恋愛依存症とは?5つの特徴や原因、苦しさの克服方法を解説

「恋愛中なのに不安や苦しさを感じる……」「自分は恋愛依存症かも?」と悩んでいる人は少なくありません。

相手を優先するあまり自分を犠牲にしてしまう恋愛依存症。苦しい状況は、仕事や趣味を充実させたり、自信を高めたりすることで改善します。まずは、自分が恋愛依存症かどうかを確認しその要因を理解することが必要です。

この記事では、恋愛依存症になりやすい人の特徴や原因、克服するための方法を解説します。ぜひ参考にしてください。

監修者

認定心理士

白髪利恵さん

認定心理士、プロフェッショナル心理カウンセラー、SNSカウンセラー。心療内科・精神科での勤務を経て、これまでに相談を受けてきた件数は3000件以上。現在はSNSカウンセリングや電話相談も含め、幅広い年齢層を対象にカウンセリングに携わる。

目次

恋愛依存症とは

恋愛依存症とは、恋愛関係にある相手の考えや行動を最優先に考え、自分の日常を犠牲にしてしまう状態です。相手との適切な距離を保てず過度に依存し、不安を抱えながら関係を続けてしまうのが特徴です。

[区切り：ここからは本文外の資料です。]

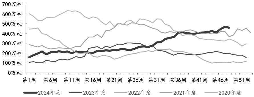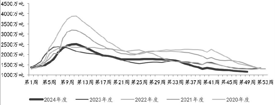 图为五大港口炼焦煤库存走势 钢材低库存使得减产缓慢,关注累库拐点。螺纹钢钢厂库存及社会库存均处于近五年的低位,热轧卷板库存也处于偏低位置。截至12月6日,螺纹钢库存为442.56万吨,同比下降16.63%;热轧卷板库存为305.62万吨,同比下降6.57%。在宏观预期提振及双焦价格连续下跌中,钢厂利润明显好转,且库存结构相对稳健。截至12月10日,7家钢厂发布2024年螺纹钢冬储政策,价格区间在3200~3500元/吨。下游贸易企业多维持低库存策略,在产业供需格局偏弱背景下,冬储很难超预期,对相关品种价格的支撑力度也有限。 国内制造业需求和出口暂时平稳,为市场提供一定支撑。11月,国内制造业采购经理指数(PMI)为50.3%,比上月上升0.2个百分点,制造业扩张步伐小幅加快。钢材直接出口仍处于高位,11月中国出口钢材927.8万吨,环比下降17.0%;1—11月累计出口钢材10115.2万吨,同比增长22.6%。长期看,中美贸易摩擦对钢价的影响可能在明年一季度,韩国、越南的反倾销制裁落地可能在明年下半年,预计钢材需求难有增量。 展望后市,12月上旬市场交易重心在于房地产和基建政策预期,黑色板块受此提振有望走强,炉料分化走势预计维持。在市场预期结束后,交易重心将回归基本面。目前炉料供应宽松压制期价上方空间,钢厂利润好转且减产进度偏慢,供需可能出现矛盾,关注钢材累库拐点。整体看,12月钢价将先扬后抑,上下空间皆有限。(作者单位:国元期货) (责任编辑:迷你学人) |

また、恋愛関係が崩れ失恋してしまうと無気力になり、相手との関係をなんとか繋ぎとめようと必死になることもあります。

恋愛依存症は医学的に正式な病名ではありませんが、状況によっては自分自身を傷つけたり、友人や家族などの人間関係に影響を与えたりすることもあります。日常生活に支障をきたす場合には別の診断名がつくこともあるため注意が必要です。

恋愛体質との違い

恋愛依存症と恋愛体質は似ているようで大きく異なります。恋愛依存症は、恋愛の相手に過度に執着するため、恋愛がうまくいかないと精神的に不安定になります。たとえば、メールやLINEの返信が遅いと不安になり、嫌われていると恐れて相手に合わせ続けてしまいます。

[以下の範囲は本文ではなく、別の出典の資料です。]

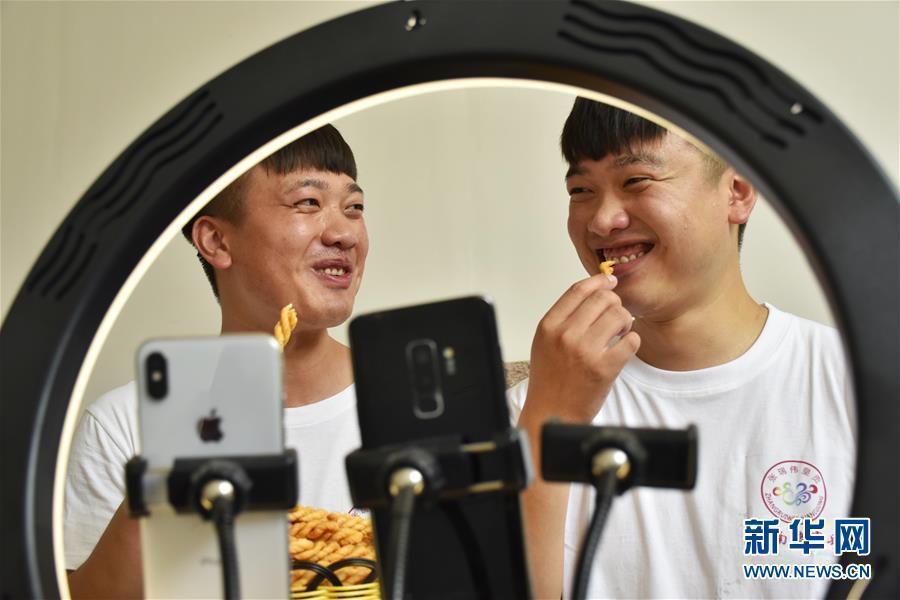 7月8日,张亚博(左)、张亚钊兄弟在直播带货。 新华社记者 韩朝阳 摄

一方、恋愛体質は恋愛に対して積極的に楽しめるため、恋愛だけに執着しません。依存症は特定の相手に執着し、別れたあとも相手にしがみつく傾向が見られますが、恋愛体質は新しい恋愛で立ち直りやすいことが特徴です。

恋愛依存症と回避依存症の関係性

恋愛依存症と回避依存症は対照的な関係性にあります。恋愛依存症は相手に過度に依存しますが、回避依存症は他人との深い関りを避ける状態です。回避依存症は、深い関係になることを恐れ、恋愛を面倒に感じます。

これらの依存症はお互いに惹かれやすい一方で、関係が泥沼化しやすい傾向にあります。回避依存症の人は相手と深い関係になると距離を置くため、関係が長続きしないことが多いでしょう。

恋愛依存症になりやすい人の特徴

恋愛依存症の人には、相手に合わせすぎたり連絡がないと不安になったりする特徴があります。しかし、自分でも気づかないうちに相手に依存してしまう場合や、恋愛以外の事に集中できず、いつのまにか日常生活に支障をきたす事もあります。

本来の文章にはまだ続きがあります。